Background: The aim of this study was to investigate the LN transcriptome in depth to gain insight into underlying mechanisms and identify potential drug targets for LN.

Objectives: The aim of this study was to investigate the LN transcriptome in depth to gain insight into underlying mechanisms and identify potential drug targets for LN.

Methods: We analysed differentially expressed genes (DEGs) in peripheral blood from active LN (n=41) and active non-renal lupus (n=62) patients versus healthy controls (n=497) from the European PRECISESADS project (NTC02890121) and dysregulated gene modules in a discovery (n=26) and a replication (n=15) set of active LN cases. Replicated gene modules qualified for correlation analyses with serological markers, and regulatory network and druggability analysis.

Results: We found 9578 DEGs in active LN vs HC and 8144 DEGs in active non-renal SLE vs HC. Active LN and active non-renal lupus patients shared 6653 DEGs, while 2925 DEGs were exclusively dysregulated in the LN group, denoting an LN-specific signature (Figure 1A). Among the latter, 818 DEGs displayed a |log ₂ fold change (FC)| >0.58 (Figure 1A). The LN signature comprised DEGs associated with neutrophil degranulation, transcription regulation by TP53, and DNA damage response GO pathways (Figure 1B). Unsupervised co-expression network analysis revealed 20 dysregulated gene modules; seven showed prominent dysregulation in three distinct subgroups of LN patients (Figure 2A). These subgroups were classified based on the “interferon” (IFN) gene module upregulation into low, intermediate, and high IFN subgroups and showed differential dysregulation of the “B cell” and “plasma cells/immunoglobulins” modules. Drugs annotated to the IFN network included CC-motif chemokine receptor 1 (CCR1) inhibitors, programmed death-ligand 1 (PD-L1) inhibitors, and irinotecan, while the anti-CD38 daratumumab and proteasome inhibitor bortezomib showed potential for counteracting the transcriptomic signature associated with the “plasma cells/immunoglobulins” module. In silico analysis demonstrated that the low-IFN subgroup may benefit from calcineurin inhibitors while the intermediate-IFN subgroup may benefit from B cell targeted therapies (Figure 2B). High-IFN patients exhibited greater anticipated response to anifrolumab while the intermediate-IFN and high-IFN subgroups displayed greater anticipated response to daratumumab.

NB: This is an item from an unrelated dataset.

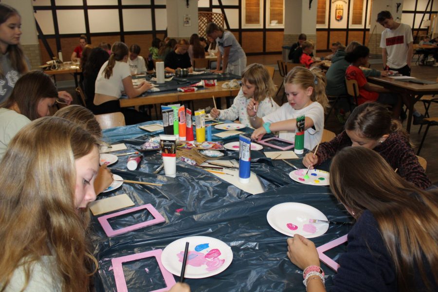 Heute Vormittag wurden bei den Bastel-AGs kreative Kunstwerke erschaffen. Jeder Gruppenleiter hatte eine Bastel-AG vorbereitet und die Kinder konnten sich aussuchen bei welcher AG sie mitmachen möchten. Es wurden unter anderem Stoffbeutel bemalt, Bilderrahmen und Schlüsselanhänger gestaltet oder aus Ton Schalen geformt.

Conclusion: Interferon upregulation and B and plasma cell gene dysregulation patterns revealed three distinct LN patient subgroups, each demonstrating unique anticipated responses to existing or novel targeted therapies, paving the way for informed and tailored treatment strategies in LN. Of particular interest were irinotecan, CCR1 inhibitors, and PD-L1 antagonists interfering with IFN-mediated pathways, and bortezomib and daratumumab for their interference with plasma cells. While further studies are warranted to investigate the potential of these drugs, our findings contribute to a conceptual framework of precision medicine in the management of LN.

REFERENCES: NIL.

Figure 1.

DEGs in patients with active LN and active non-renal SLE versus HC. (A) Venn diagrams showing DEGs (top) and the subset of DEGs that exceeded the |log ₂ FC| >0.58 threshold (bottom) in patients with active LN vs HC (in green), and in patients with active non-renal SLE vs HC (in purple). (B) Reactome pathways from over-representation analysis, based on LN-specific DEGs in patients with active LN vs HC (panel A, n=2925).

Figure 2.

Interferon (IFN) upregulation and B and plasma cell gene dysregulation patterns reveal three distinct lupus nephritis (LN) subgroups with differential anticipated response to targeted therapies. (A) Heatmap displaying the most discriminative gene modules, grouping the patients into low-IFN, intermediate-IFN, and high-IFN. Red and blue colours denote higher and lower gene dysregulation, as measured by z-scores, compared to healthy controls, respectively. (B) Bars depicting proportions of patients with an anticipated benefit from inhibition of selected drug targets across LN patient subgroups.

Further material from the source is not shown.